= 2008 Southampton City Council election =

2008 UK local government election

Map of the results of the 2008 Southampton council election. Conservatives in blue and Labour in red.

The 2008 Southampton Council election took place on 1 May 2008 to elect members of Southampton Unitary Council in Hampshire, England. One third of the council was up for election and the Conservative Party gained overall control of the council from no overall control.

After the election, the composition of the council was:
- Conservative 26
- Labour 14
- Liberal Democrat 8

==Background==
After the 2007 election the Conservative Party took control as a minority administration after one Liberal Democrat councillor, Norah Goss, broke with her party to support the Conservatives.
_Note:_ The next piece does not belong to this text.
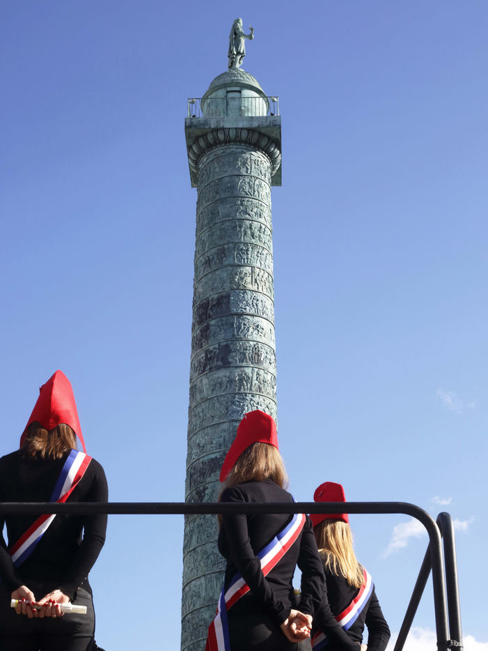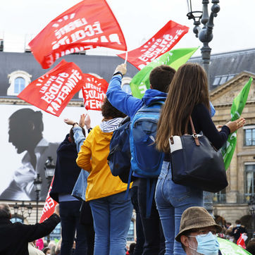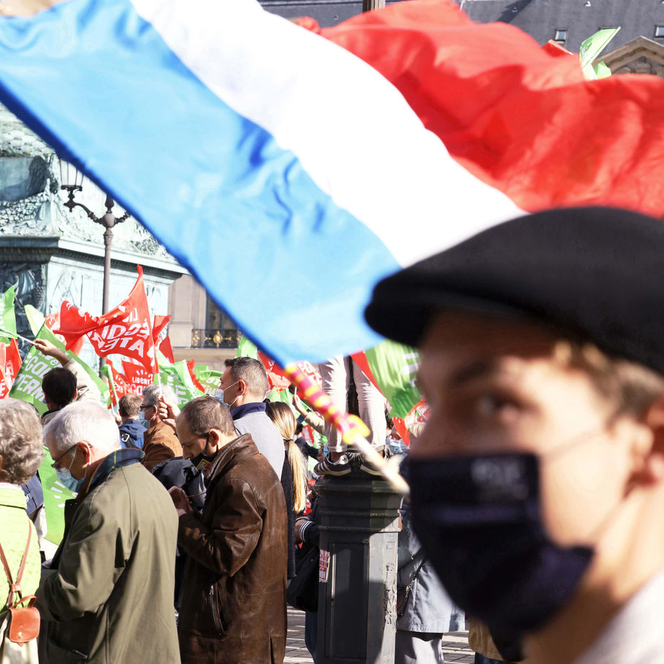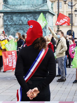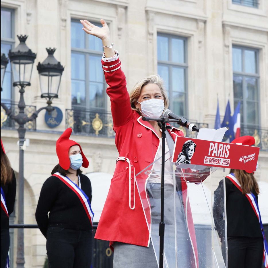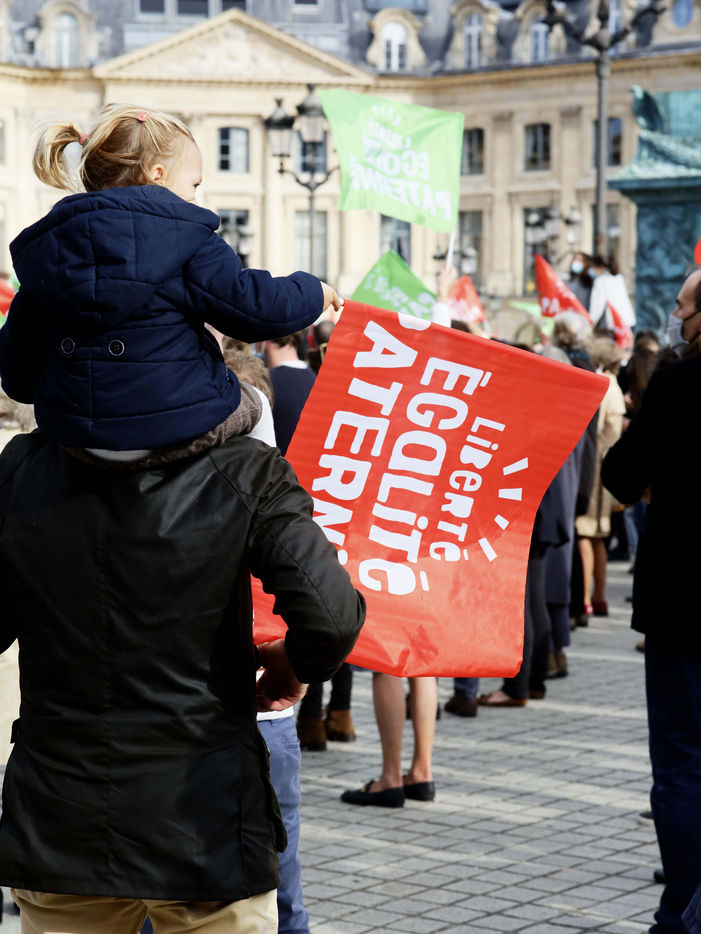 Gathering of supporters of "La Manif Pour Tous" in Place Vendôme in Paris on Saturday, October 10, 2020 in front of the Ministry of Justice. With as main speaker, Ludivine de la Rochère to defend fatherhood and oppose medically assisted reproduction (MAP) for all women, and the bioethics bill.

However, at the February 2008 budget meeting, the Labour and Liberal Democrats joined together to take control from the Conservatives.

==Election results==
The results saw the Conservative Party win a majority on the council for the first time since 1984. The Conservatives gained 8 seats, 4 from Labour, 3 from the Liberal Democrats and 1 from an independent. Two 18-year-olds were among the Conservative winners, David Fuller taking Bitterne by 460 votes and Matthew Jones gaining Peartree by over 500 votes. Meanwhile, both the Labour leader of the council, June Bridle, in Sholing and the Liberal Democrat group leader, Adrian Vinson, in Portswood were among those who lost seats. The Conservative gains meant that they won 15 of the 17 seats contested to take a 4-seat majority with 26 seats, compared to 14 seats for Labour and 8 for the Liberal Democrats. Overall turnout in the election was 29.7%, down on the 30.3% in 2007 and varying between a low of 16.1% in Bargate and a high of 36.9% in Shirley.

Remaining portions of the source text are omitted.